**PROBLEM**
Below is a listing; retype exactly the lines between the one containing "Funda para Teléfono" and the one containing "Step 1: Sign", inclusive, minus the pictures.

**SOURCE RECORDS**
======
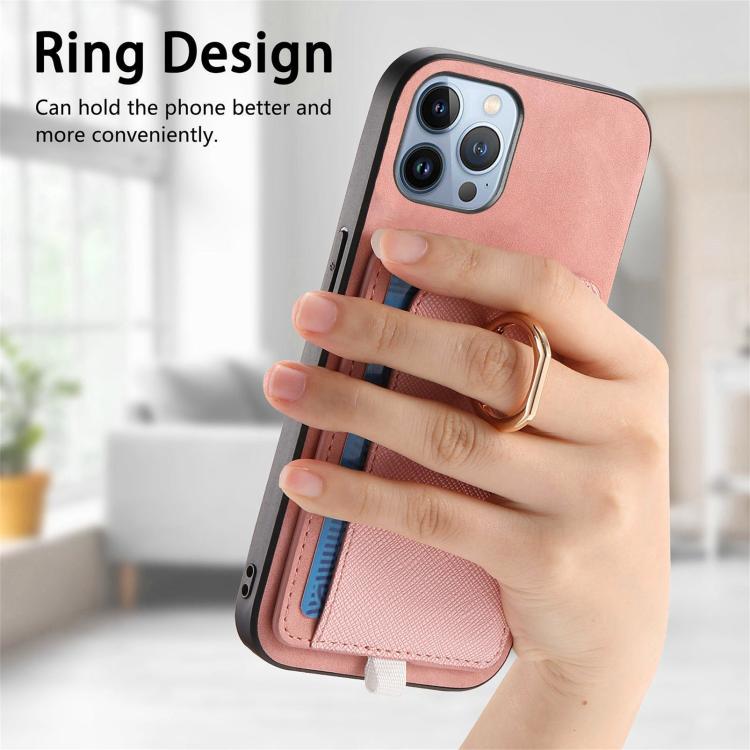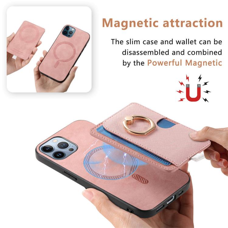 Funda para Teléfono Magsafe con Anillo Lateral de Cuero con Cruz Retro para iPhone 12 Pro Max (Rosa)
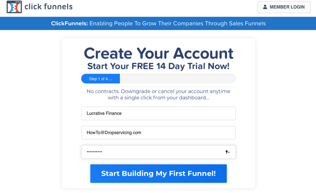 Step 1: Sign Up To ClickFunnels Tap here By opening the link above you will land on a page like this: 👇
======
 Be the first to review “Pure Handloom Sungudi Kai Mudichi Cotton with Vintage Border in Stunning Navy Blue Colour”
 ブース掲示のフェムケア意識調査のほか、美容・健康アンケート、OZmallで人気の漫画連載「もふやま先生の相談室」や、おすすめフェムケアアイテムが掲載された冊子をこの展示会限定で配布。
======
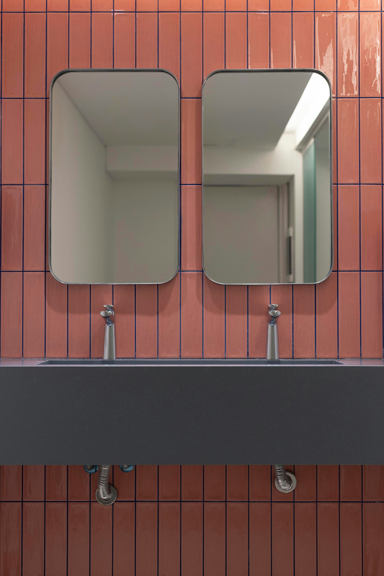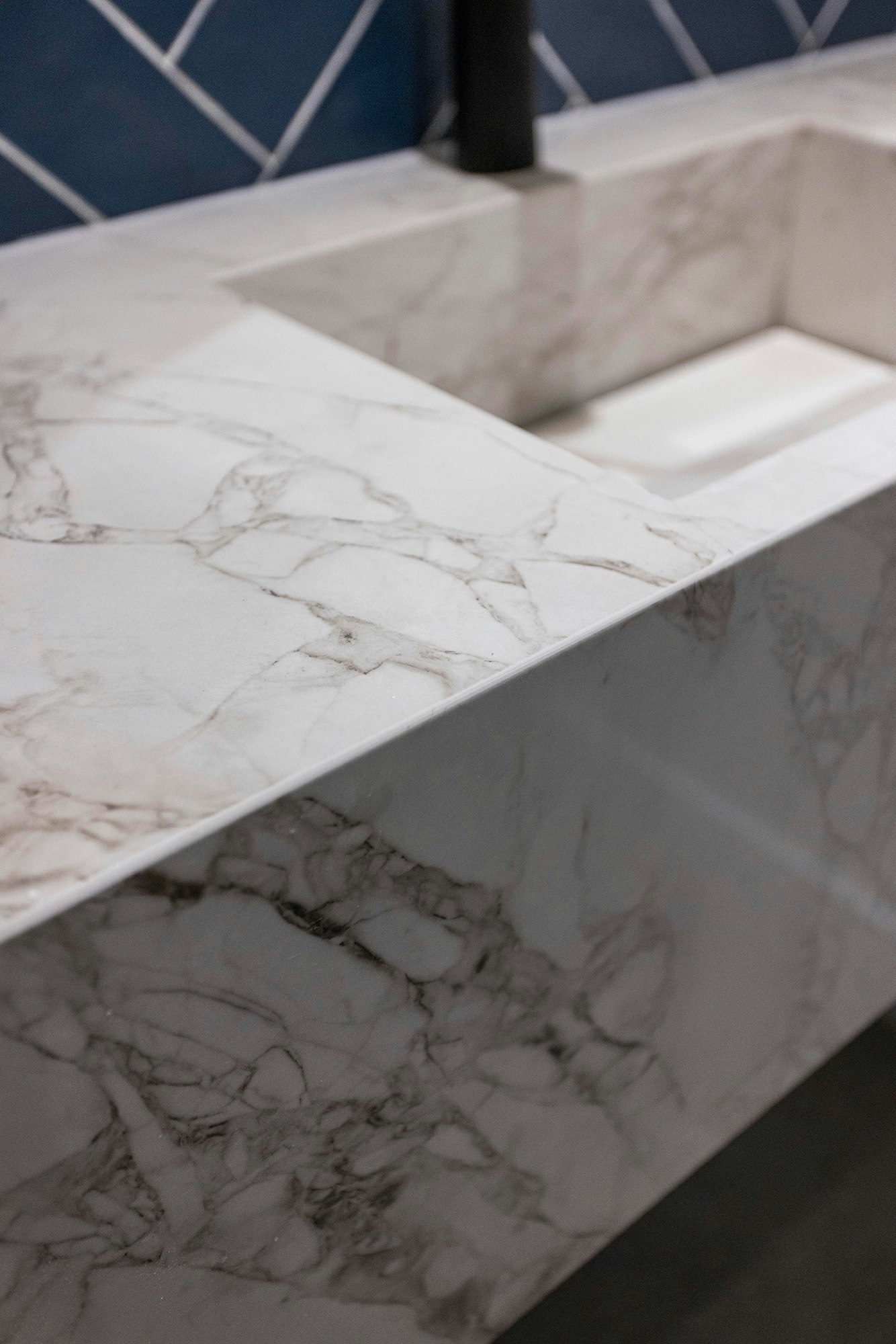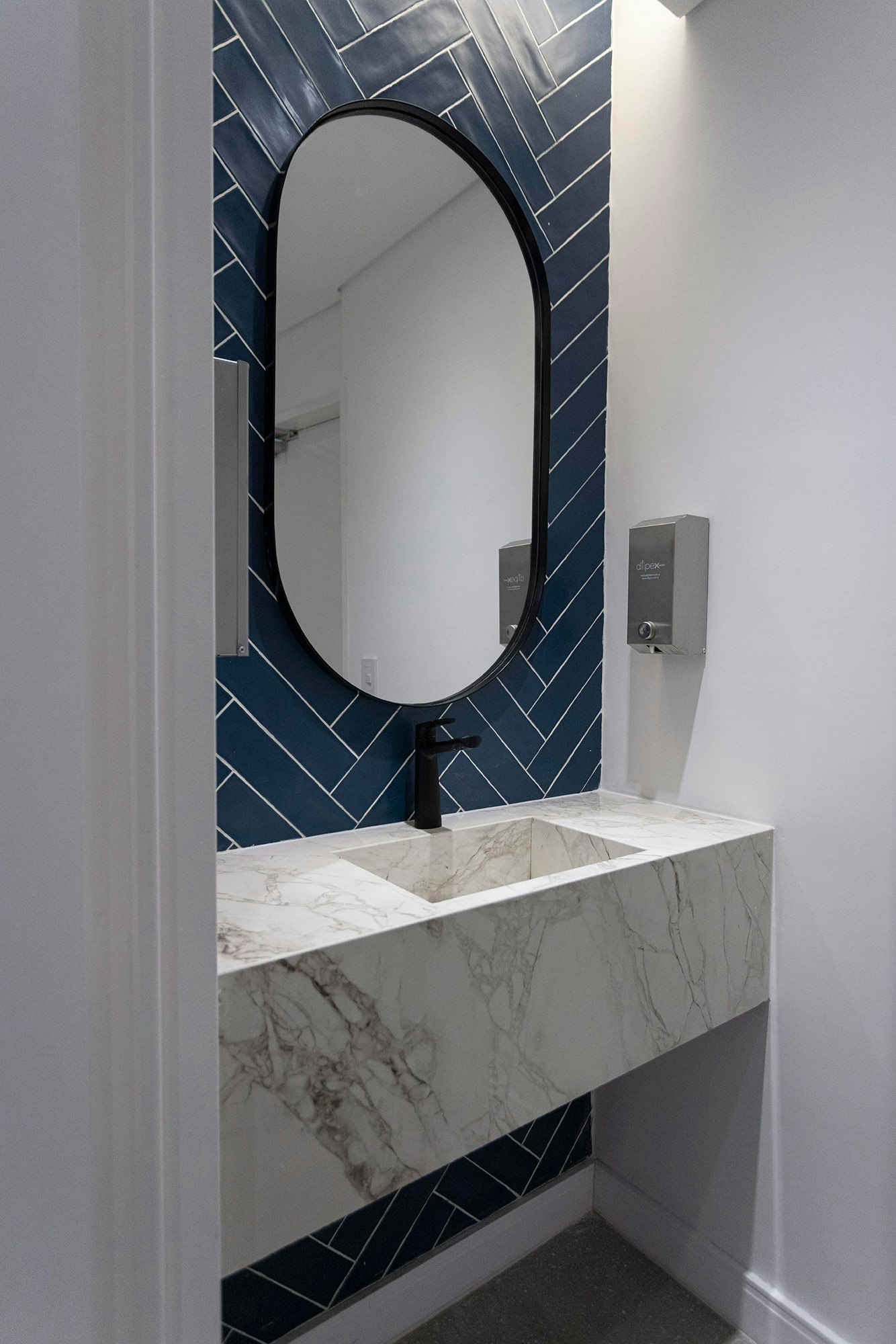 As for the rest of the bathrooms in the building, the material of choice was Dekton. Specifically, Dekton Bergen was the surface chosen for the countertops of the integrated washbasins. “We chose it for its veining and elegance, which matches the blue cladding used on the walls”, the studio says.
======
**EXERCISE RESULT**
 Funda para Teléfono Magsafe con Anillo Lateral de Cuero con Cruz Retro para iPhone 12 Pro Max (Rosa)
 Step 1: Sign Up To ClickFunnels Tap here By opening the link above you will land on a page like this: 👇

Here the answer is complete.